The nervous system model is very basic, its "brain" is ring-shaped subepidermic, with nerve cords (one or several pairs depending on the species) that extend along the body.Although, as we said , it has a more concentrated part (cephalization), it is still a diffuse set of nerve cells that run through the body.

Image: Dugesia japonica by Junji Morokuma | Tufts University
Anelids
The defining characteristic of these animals is that their body is divided into metameros or segments.Their nervous system is organized in such a way that we find a primitive brain in the segment corresponding to the head, from which two cords come out Ventral nerves that form a nerve ganglion in each segment.The nodes are sets of nerve cells.
Also discover which animals are boneless.

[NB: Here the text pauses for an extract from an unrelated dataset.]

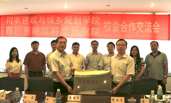 7月16日下午,建筑与城乡规划学院与四川省建筑科学研究院校企合作签字仪式暨交流会在省建筑科学研究院举行。省建筑科学研究院院长王德华、党委书记邓胜权、总工程师吴体、建筑与城乡规划学院党委书记申琼、副院长曹云忠、副院长曹迎等出席上述活动。曹云忠与王德华代表双方签订了“人才培养与产学研合作”协议,并共同为双方“产学研合作基地”揭牌。

Image: Lumbricus terrestris at www.discoverlife.org/
Mollusks
It is in this group that we find the turning point between the primitive and the most modern nervous systems.The mollusks have a cephalic zone proper, with brain, mouth and sensory organs.
They have a periesophageal ring and two pairs of nerves (tetraneuro), two pedios (locomotors) and two visceral (digestive, reproductive, etc.) In less active animals, such as bivalves (clams), it is poorly developed, but in snails , octopus, cuttlefish and squid is very developed and has additional ganglia in the most active.
For all these reasons, we could say that mollusks have a central nervous system, as long as we talk about gasteropods and cephalopods, and at a level somewhat lower in development than fish or mammals.

Image: Helix aspersa
If you want to read more articles similar to Animals without nervous system c entral , we recommend that you enter our Curiosities section of the animal world.
Bibliography
- Avelina Tortosa i Moreno.NERVOUS SYSTEM: ANATOMY.Official College of nurses and nurses of Barcelona.
- Hickman Jr, CP (2009).Integral principles of zoology (No.591 HICp 14a.ed).
- Thibodeau, GA,&Patton, KT (1995).Anatomy and physiology.Mosby-Doyma Books.